Tresch’s inquiry converges on Paris in the clamorous interim between one Napoleon’s fall and a second’s rise. Bookended by Napoleon’s routing at Waterloo in 1815 and Louis-Napoleon’s ruthless coup d’état in 1851, this moment proves a heady site for study. Here, in this oblique, medieval version of today’s Haussmannized Paris, the regnant mood was one of ebullient uncertainty, as upheavals in philosophy, labor, and politics unfolded in quick, messy succession. The book opens as the literature and philosophy of German Romanticism, no longer impeded by Napoleon’s censors, coursed through Paris’s intellectual scene, becoming an instant vogue in salon society. This “awakening of the romantic consciousness,” Tresch argues, occurred just as a “second scientific revolution” began to take root among thinkers unconvinced by Newton’s theory of nature as rational, balanced, and determinist. At the same time, outside the academy, republicans plotted against the restored Bourbon monarchy, while workers confronted—often violently—the laborsaving technologies introduced by industrialization. Drawing conceptual parallels amongst these disparate convulsions, Tresch shows how Romantic themes of unity, holism, and conversion informed the period’s most avant-garde technologies and politics.
Led by the astronomer François Arago, the period’s dissident scientists strove to demystify what Balzac deemed the “imponderable fluids”: those shifting, weightless substances discernable only through their effects, such as electricity, heat, light, and magnetism. The discovery of electromagnetism by Danish physicist Hans Christian Oersted in 1820 seemed to confirm the belief, prevalent at the time, that the imponderables arose through subtle distortions of an underlying medium, a “cosmic substance” linking the material to the ethereal. Tresch details how André-Marie Ampère, together with Arago, built on Oersted’s findings, deducing the basic principles of electrodynamics in the process.
Attentive to interface between science and culture, Tresch aligns electrodynamics with the contemporary craze for animal magnetism—the belief, first articulated by physician Franz Anton Mesmer in the late18th century, in a unified, universal fluid circulating through animate bodies and inanimate matter in an unbroken flow. Ampère and Arago’s research, Tresch argues, found further resonance with German Naturphilosophie, the theoretical impetus for Romanticism, which posited mind and nature as an organic totality. For three, unstable decades, Tresch contends, Romanticism, more than a counter to Enlightenment-era disenchantment, was a force for technological progress.

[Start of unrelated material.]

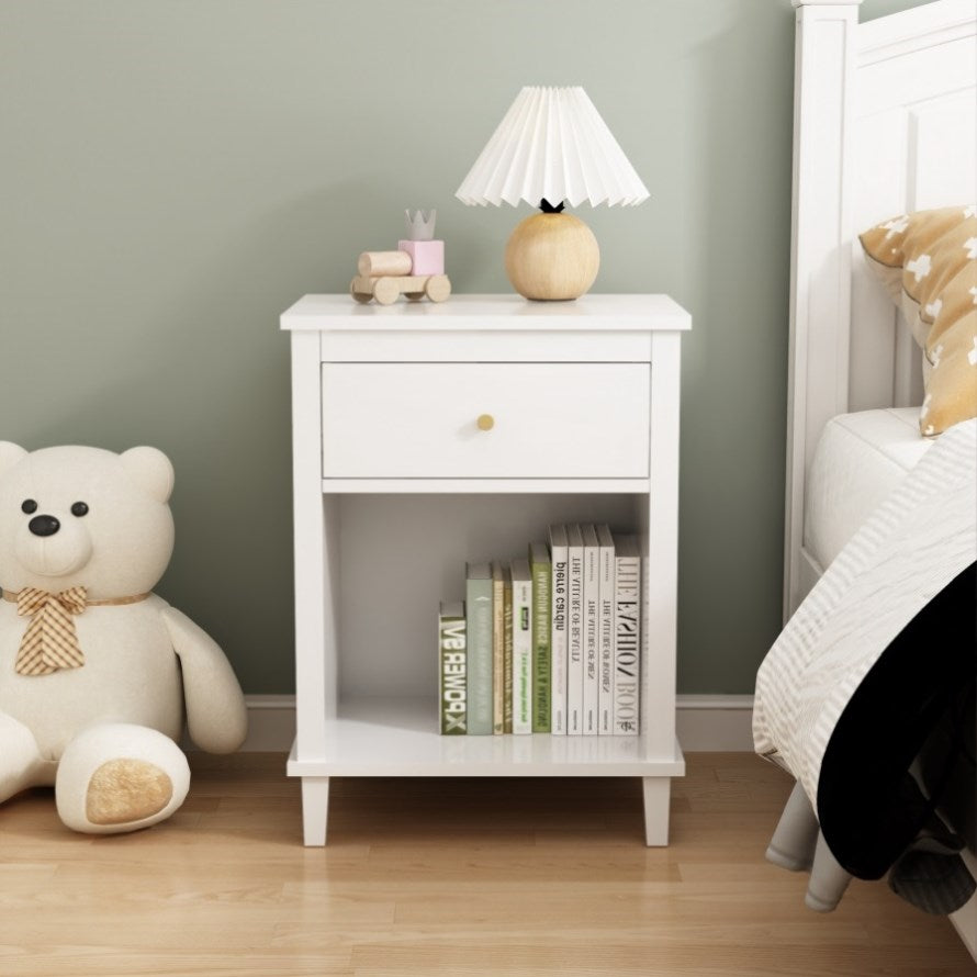 26.77''H Wooden Nightstand with One Drawer One Shelf for Kids, Adults, White 33261202
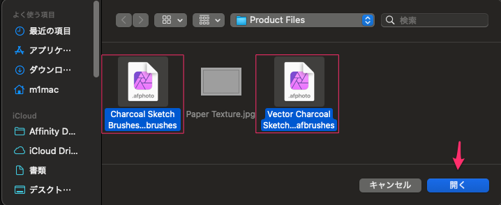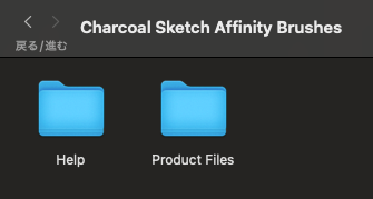 インストールするファイルは、今回の場合ダウンロードした「Charcoal Sketch Affinity Brushes」->「Product Files」の中にある2つのファイルになる。

If the classical machine is best represented by the clock, whose discrete, uniform ticks imply a universe of order and stability, the romantic machine found its epitome in the steam engine. Transforming water into mechanical motion, the apparatus furnished definitive proof, for those already of monist persuasion, that spirit and matter were interchangeable. Steam, like electricity, seemed to be a substance possessed of its own, self-sustaining logic. Harnessing diffuse, impalpable energies and converting them into speed, steam was matter made both atmospheric and animate. Far from a substance to be parsed and dissected with staid detachment, steam provoked an aesthetic response: one thinks, for example, of Monet’s exuberant depiction of steam billowing under the glass ceiling of Paris’s Gare Saint-Lazare, or Caspar David Friedrich’s iconic précis of Romanticism, Wanderer above the Mists. Composed of the same stuff as clouds and fog, steam joined man, nature, and technology in a dynamic, sublime whole.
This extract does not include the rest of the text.